Beyond the Book: Asset Limits

Beyond the Book: Asset Limits

Beyond the Book is a regular column discussing ways to use the Cypher System to run a great game.

In the Cypher System, the GM sets the difficulty of an action. The player uses skill and Effort to reduce that difficulty. A skill can reduce the difficulty by either 1 or 2 steps. Effort can reduce it by 1 to 6 steps, depending on the character and the amount of points spent.

There is another tool at a player’s disposal, however, and that’s an asset. An asset is everything else. An asset can be the right tool, a clever idea that the player comes up with, a cypher ability, and so on. Now, page 16 of the Numenera corebook says, “Assets can never decrease a task’s difficulty by more than two steps.” (You can find this rule in The Strange and the Cypher System Rulebook as well.) This is just to keep things in check, to maintain a level of balance. Players and GMs know, then, that you’re never going to reduce the difficulty more than 2 steps with a skill, and 2 steps with assets. The rest has got to come from Effort.

Cypher-System-Rulebook-24-Jacob-Atienza

Most of the time, that’s all well and good, but what if the GM decides that conditions beyond the player’s control also modify things. It’s raining, so that makes climbing the wall harder. Or perhaps more pertinent to this discussion, it’s raining, and that makes sneaking into the house easier. Does that reduction in difficulty count toward the asset limit? Can the GM only modify the difficulty by 2 steps, because assets are limited to 2 steps?

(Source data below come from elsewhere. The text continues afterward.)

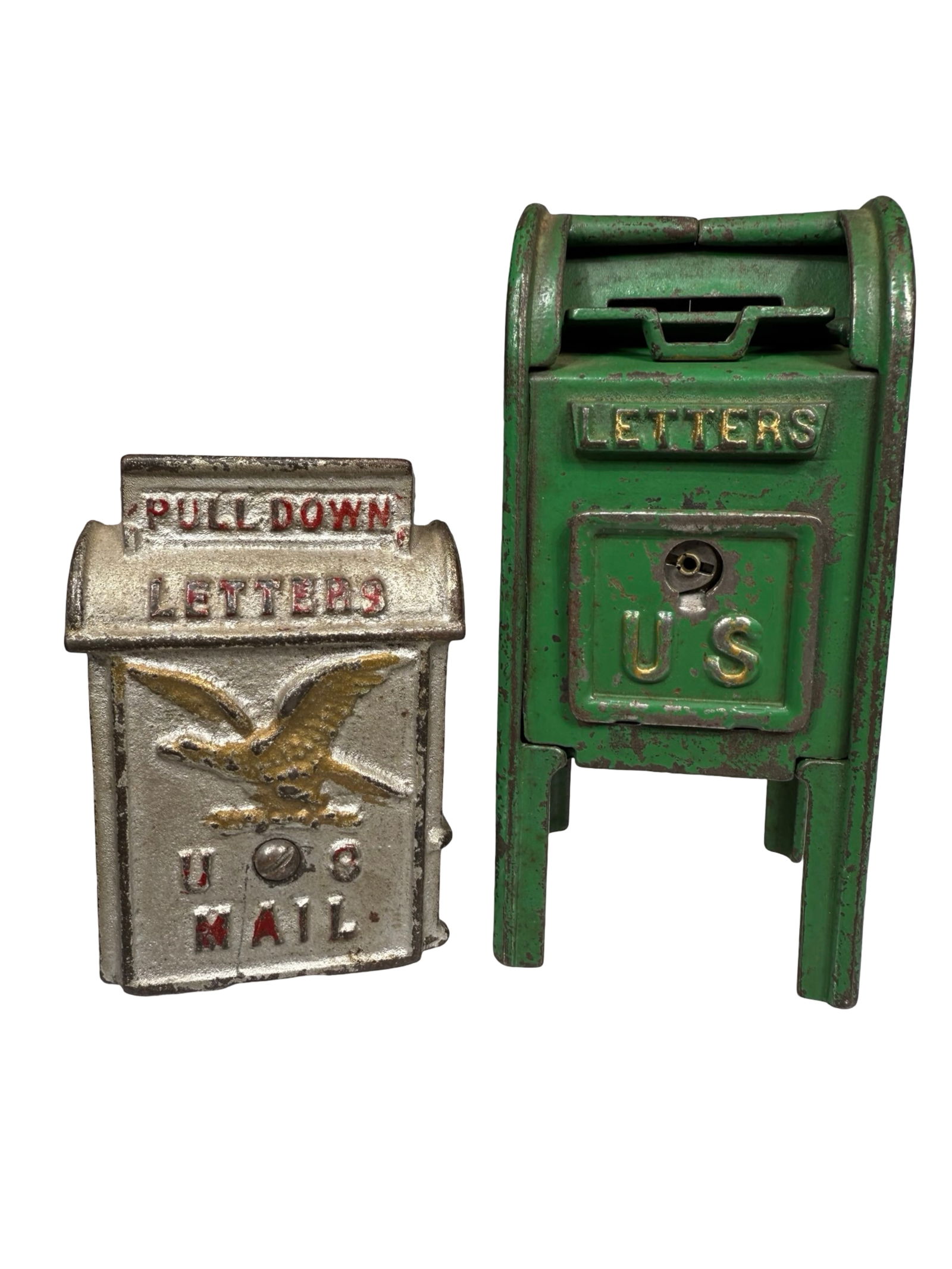 SoldTwo Mailbox BanksMade by Kenton circa 1930's. Both made of Cast Iron. 3 5/8" - 4 1/8" Tall. Very Fine to Excellent Condition.See Sold Price
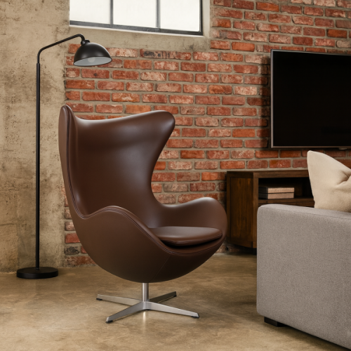 Елегантне та комфортне дизайнерське крісло Егг — ідеальне поєднання сучасного стилю, якості та зручності. Його продумана ергономіка та витончений дизайн гармонійно впишуться як в офісний простір, так і в домашній інтер’єр. Матеріал оббивки високоякісна екошкіра, приємна на дотик, стійка до зношування та легка у догляді, наповнювач це щільний пінополіуретан, регулюється кут нахилу спинки у двох положеннях — для роботи та відпочинку, а міцна хрестовина з полірованого алюмінію додає блиску та надійності конструкції. Крісло обертається навколо своєї осі, висота сидіння фіксована без підйомного механізму. Розмір крісла: ширина спинки вгорі 80 см, ширина по підлокітникам 77 см, висота спинки 69 см, висота від підлоги до сидіння 44 см, висота загальна від підлоги до верху спинки 110 см.
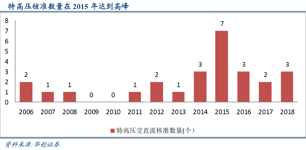 国内特高压经过启动、质疑、规模化发展、停滞、重启四个阶段。在基建投资加大、扶贫、新能源发展的背景下,2018年国家重启特高压项目核准、建设,特高压投资具有较强确定性。根据华创证券测算,本轮重启“五交五直”特高压项目投资规模2000亿元左右。
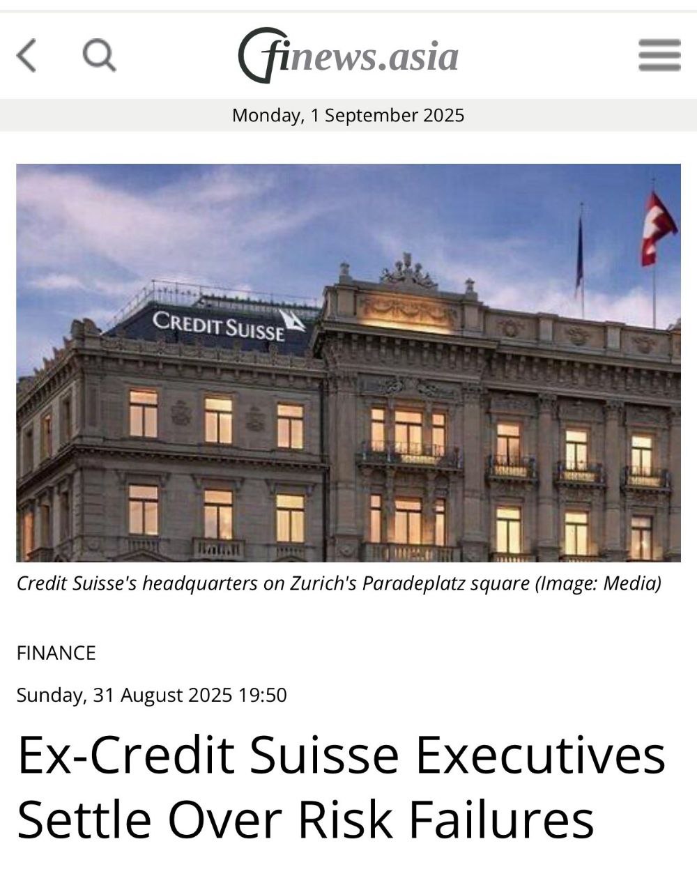 Девятнадцать бывших топ-менеджеров Credit Suisse, включая бывшего председателя Урса Ронера, согласились выплатить 115 миллионов долларов в качестве компенсации по искам акционеров, утверждающих, что они не обеспечили надлежащий контроль рисков в швейцарском банке. Выплата будет переведена в UBS Group, которая приобрела Credit Suisse после краха в 2023 году. @banksta
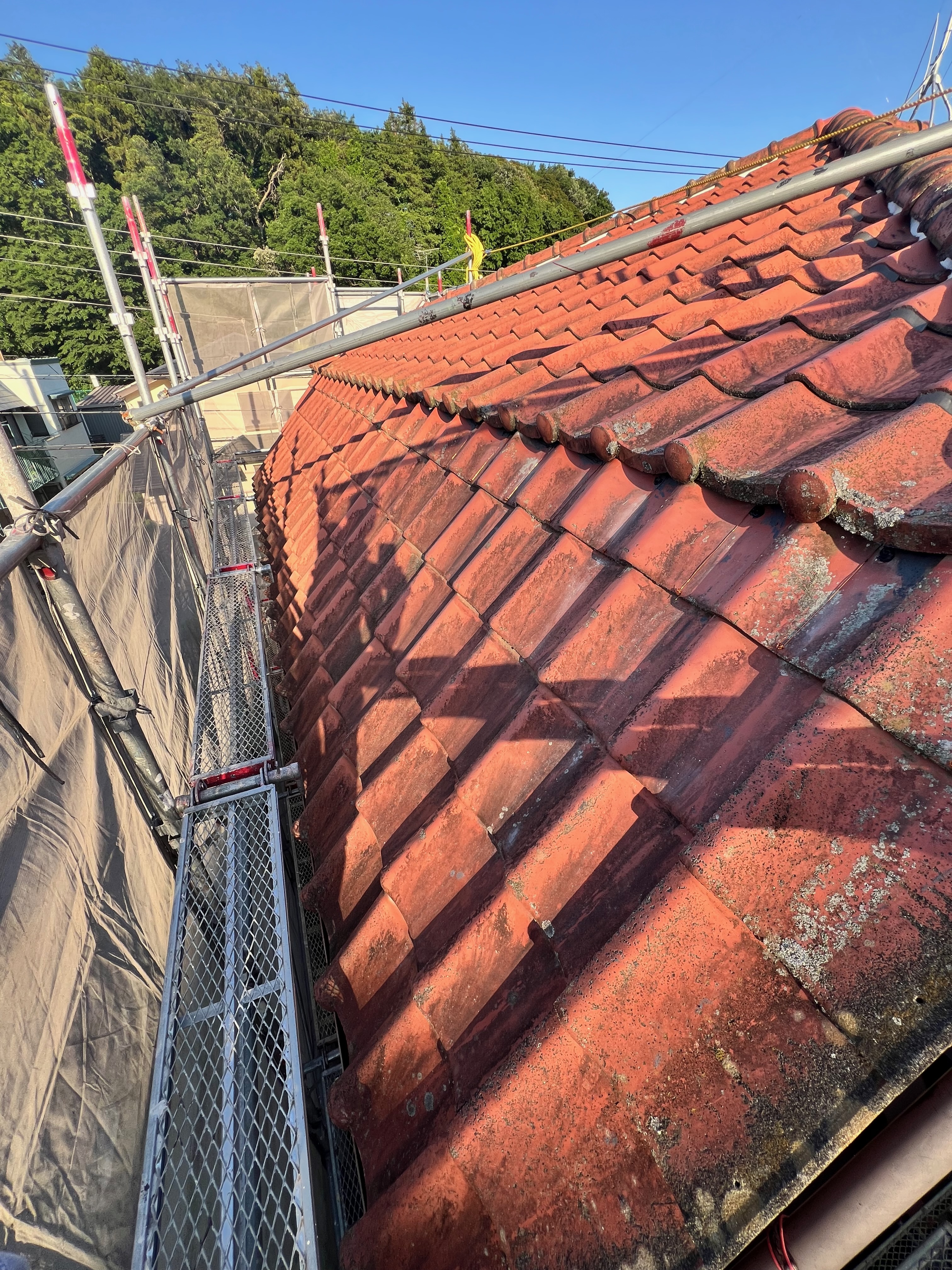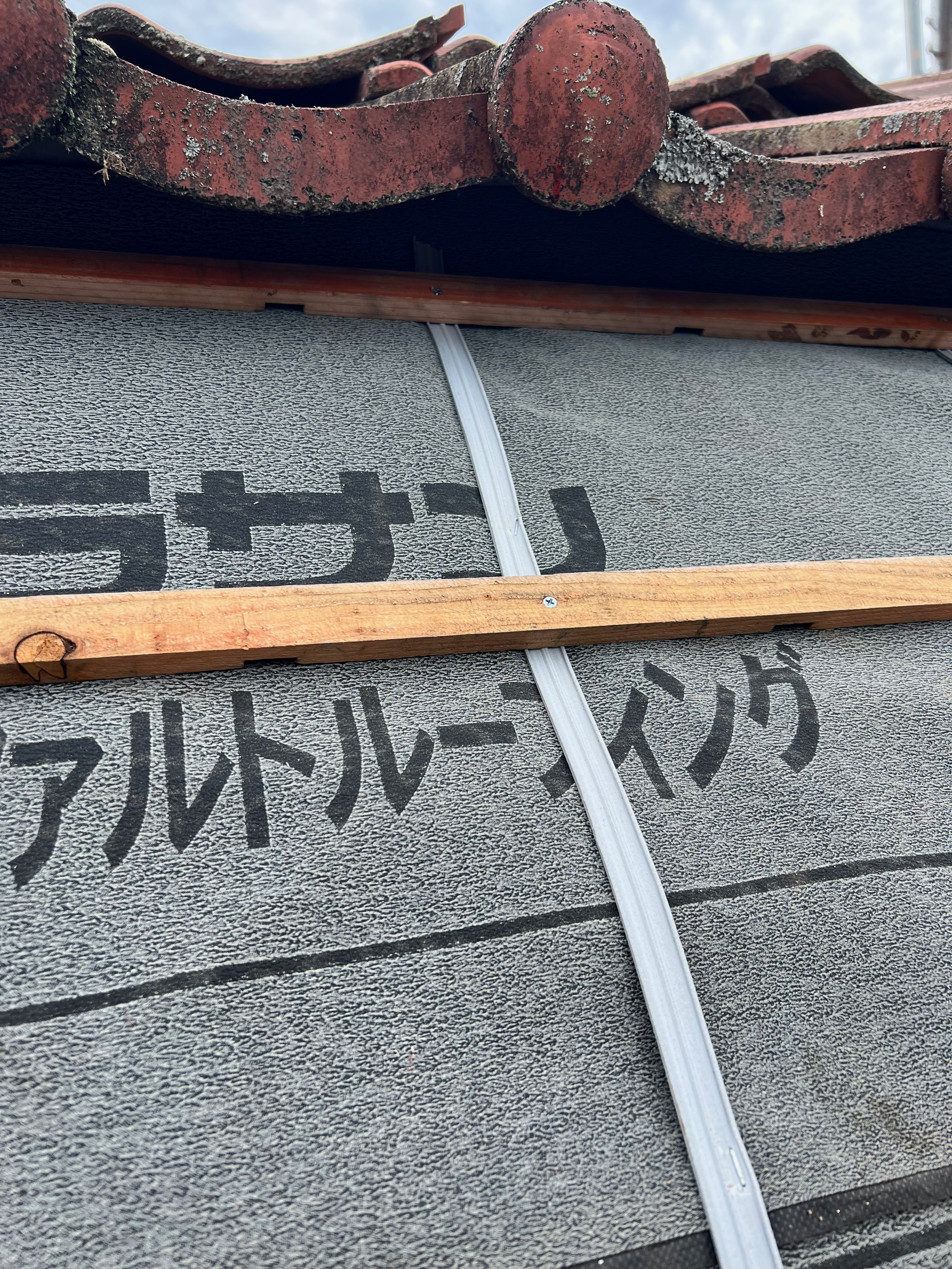 瓦をめくった箇所は新しくアスファルトルーフィングを敷き、水抜き加工瓦桟を取付けしました。
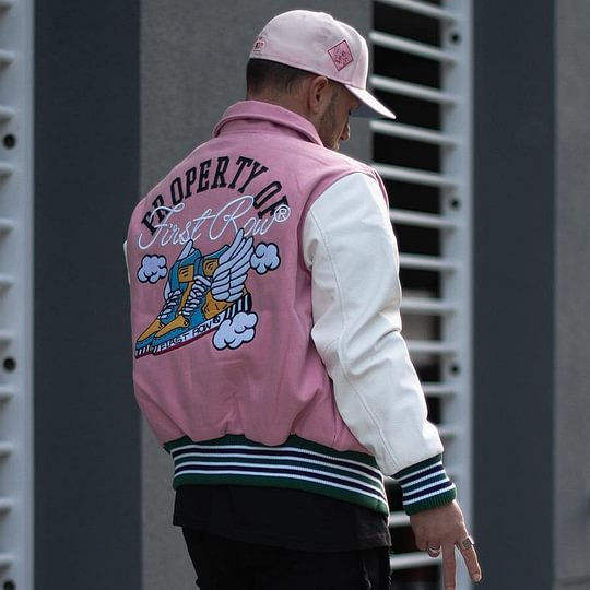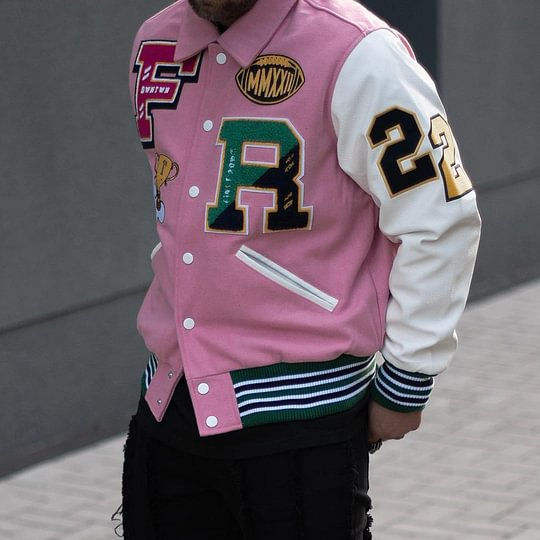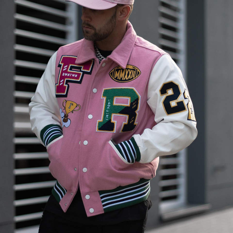 เสื้อแจ็กเก็ตเบสบอลสำหรับผู้ชายเสื้อแจ็กเก็ตเบสบอลเลตเทอร์แมนแนวสตรีทปักลายสำหรับผู้ชายเสื้อแจ็กเก็ตมีแขนหนัง
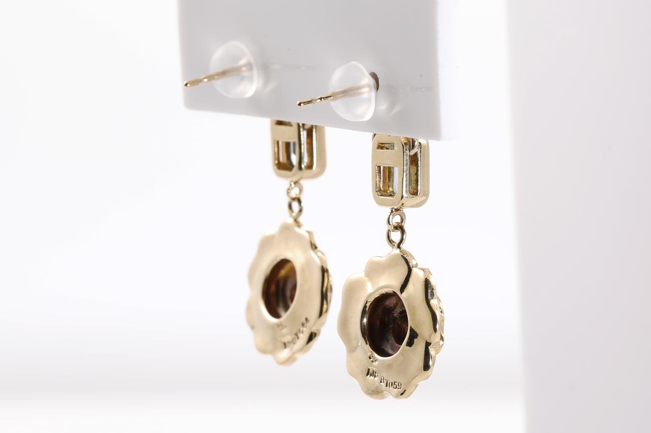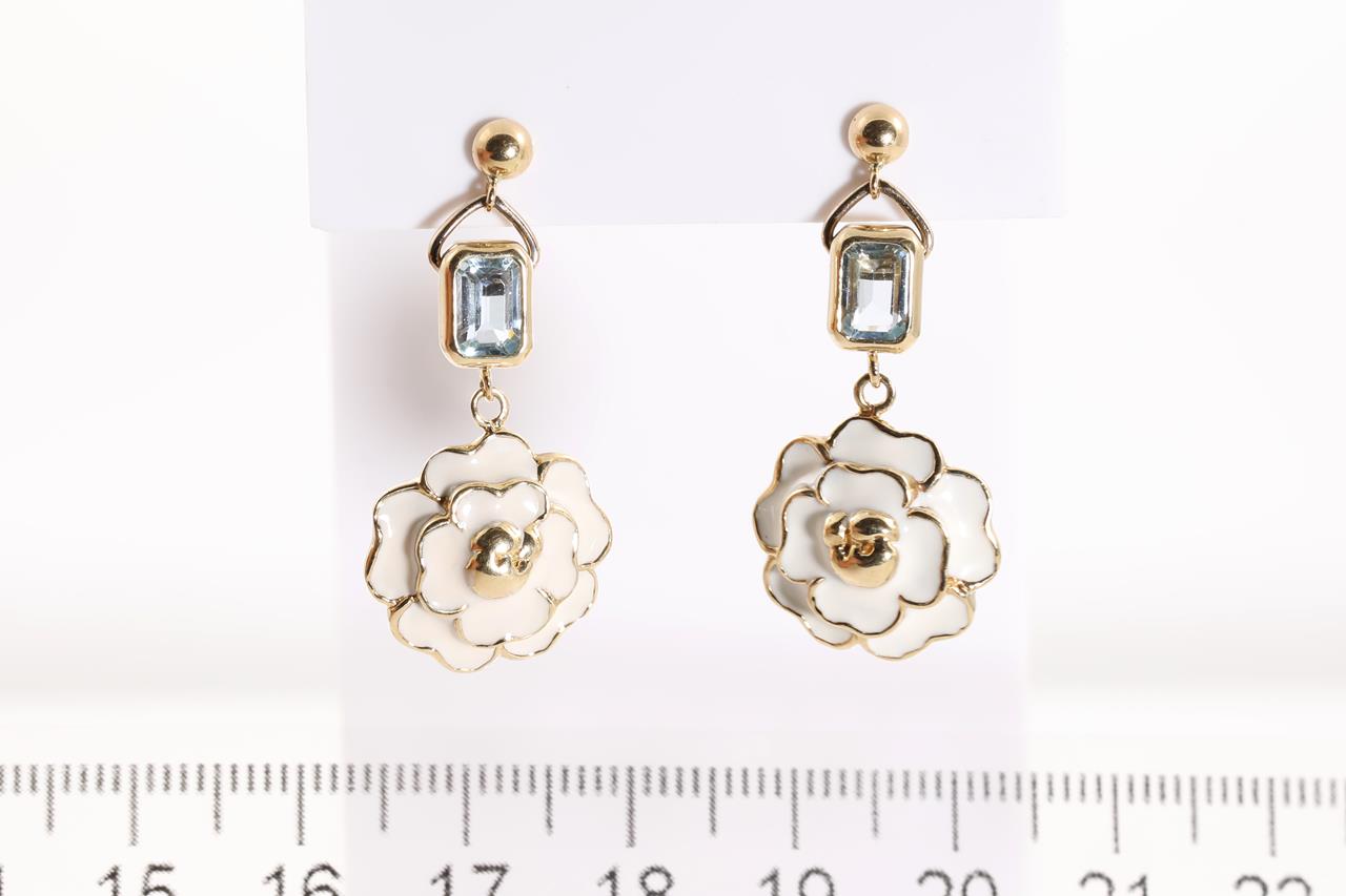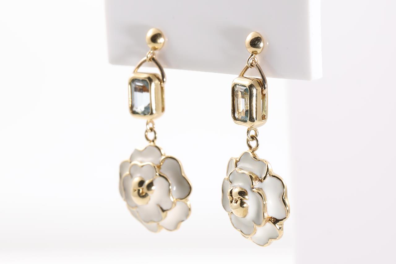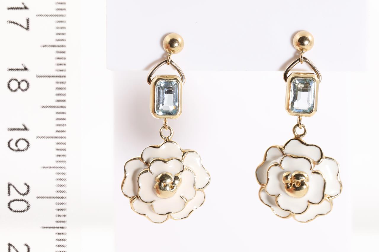 Flower design earrings with emerald cut Topaz totalling 1.23cts and white enamel. 18ct yellow gold with silicon backs. Weight: 9.9g. (Pre-owned)
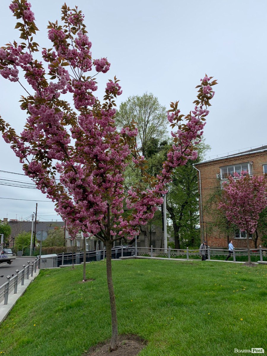Одна із найбільших локацій квітучих дерев розташована на вулиці Теремнівській навпроти готелю «Кедем», поруч із медико-діагностичним центром. Це місце стало улюбленою фотозоною для лучан та гостей міста. Мінісад там вже буяє у повній красі.
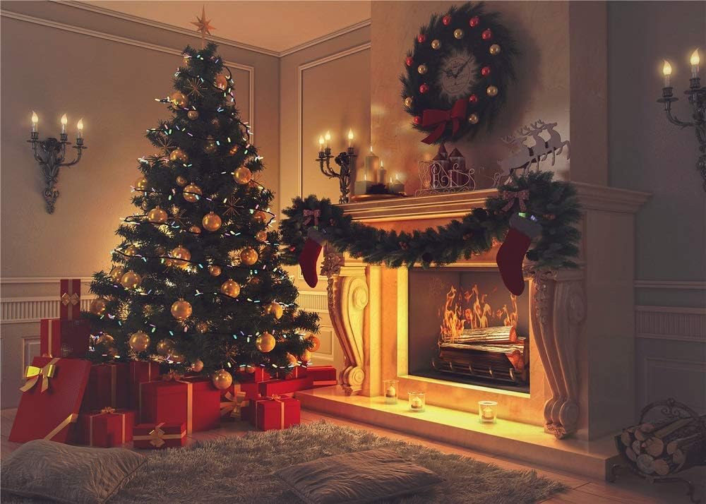 christmas tree by the fireplace
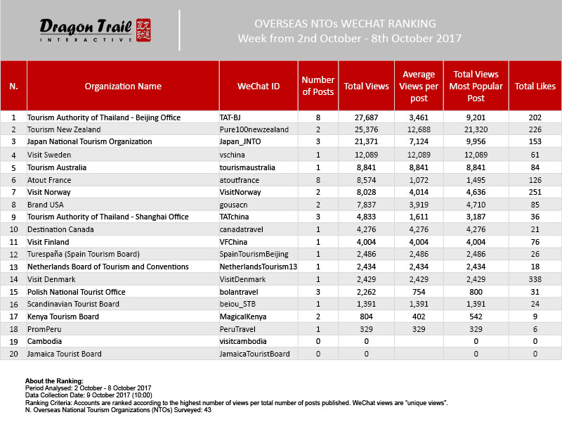 The data is jointly collected and compiled by Dragon Trail Interactive and Dingla, a B2B travel marketing platform assisting foreign organizations build long term travel trade relationships in China.
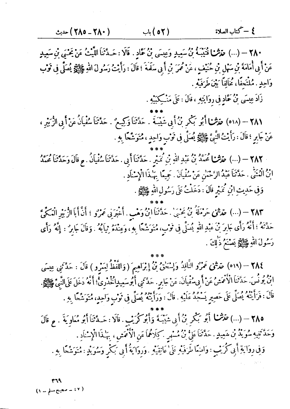 281 - (518) حَدَّثَنَا أَبُو بَكْرِ بْنُ أَبِي شَيْبَةَ، حَدَّثَنَا وَكِيعٌ، حَدَّثَنَا سُفْيَانُ، عَنْ أَبِي الزُّبَيْرِ، عَنْ جَابِرٍ، قَالَ: «رَأَيْتُ النَّبِيَّ صَلَّى اللهُ عَلَيْهِ وَسَلَّمَ §يُصَلِّي فِي ثَوْبٍ وَاحِدٍ مُتَوَشِّحًا بِهِ»
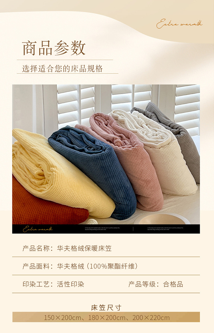 商品名称:(总)时光里 2022新款全消光230克华夫格绒牛奶绒单床笠
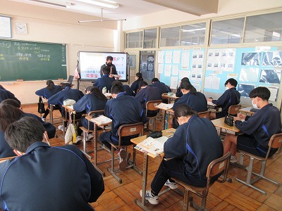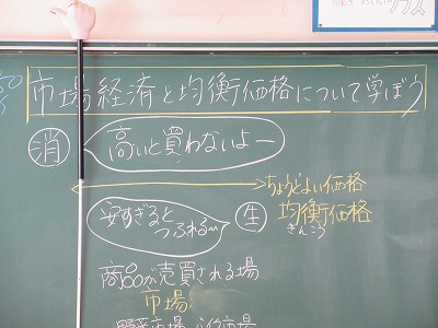 3年生の社会の授業です。公民分野です。今日は,市場経済と均衡価格について学んでいます。
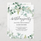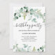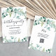 Cette invitation à la fête d'anniversaire branchée présente une élégante verdure d'eucalyptus aquarelle, avec beaucoup de feuillage, des feuilles verts et des branches. Elles décorent un arrière - plan blanc simple avec une typographie de script moderne. Le dos de la carte a une tache pour un code QR scannable afin que les invités peuvent facilement rsvp. La meilleure façon de célébrer avec des amis et des familles invitations!
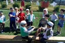 В нашем детском саду уже стало многолетней традицией проведение фольклорного праздника татарского народа «Сабантуй». Сабантуй (праздник плуга) - это веселое празднование окончания полевых и посевных работ, на котором не утихают национальные песни и пляски, шуточные конкурсы и спортивные состязания. Сегодня, 17 июня 2021 года, на спортивной площадке СОШ, прошел традиционный праздник «Сабантуй». В программу праздника были включены народная татарская игра «Продай горшок», индивидуальные выступления детей с песнями и танцами, играми. Ребята соревновались в силе, ловкости и выносливости, поиграли в игры соревновательного характера: «Бой мешками», «Конные скачки», «Бег в мешках», «Кто быстрей донесёт воду в пиалах», «Кто быстрей донесёт яйцо в ложке», «Перетяни канат». Особенно весело прошел бой мешками.
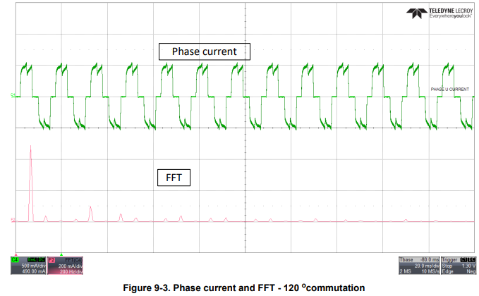 用于降低電機控制應用中可聞噪聲的最后一種策略是可變換向模式。在梯形換向中,有兩種主要配置:120 度和 150 度。120 度梯形換向可能會導致更多的聲學噪聲,因為較長的高阻抗周期會導致扭矩波紋增大,如圖 7 和 8 所示。150 度梯形換向只能在低速下運行,因為檢測過零的窗口期很短。

No. Because an underpinning idea of the Cypher System is that the rules put boundaries on the players, but not on the GM. As page 331 of Numenera states, “The Numenera rules are written with the assumption that the GM does not need to fall back on rules for everything, either for her own sake or as a defense against the players.” The GM isn’t bound by the rules. As that whole section of the book says, the GM is bound by logic and good storytelling. So there are no rules limiting the GM. That would be against the spirit of the game.

This same thinking applies to many attack modifiers (surprise, position, cover, and so on); these are elements the GM (or the rules) bring to the table, as opposed to assets the players bring.

To look at it another way, the GM sets the difficulty of a task. She can set it to be whatever she thinks is logical and right. If she states that it’s a 7, but that the rain reduces it by a step, that’s just another way of saying that it’s a 6. She’s not limited by how she comes up with that number. She just sets it correctly. Thus, unlike assets that the players bring to bear, modifiers set by the GM aren’t assets and don’t count against the 2-step limit.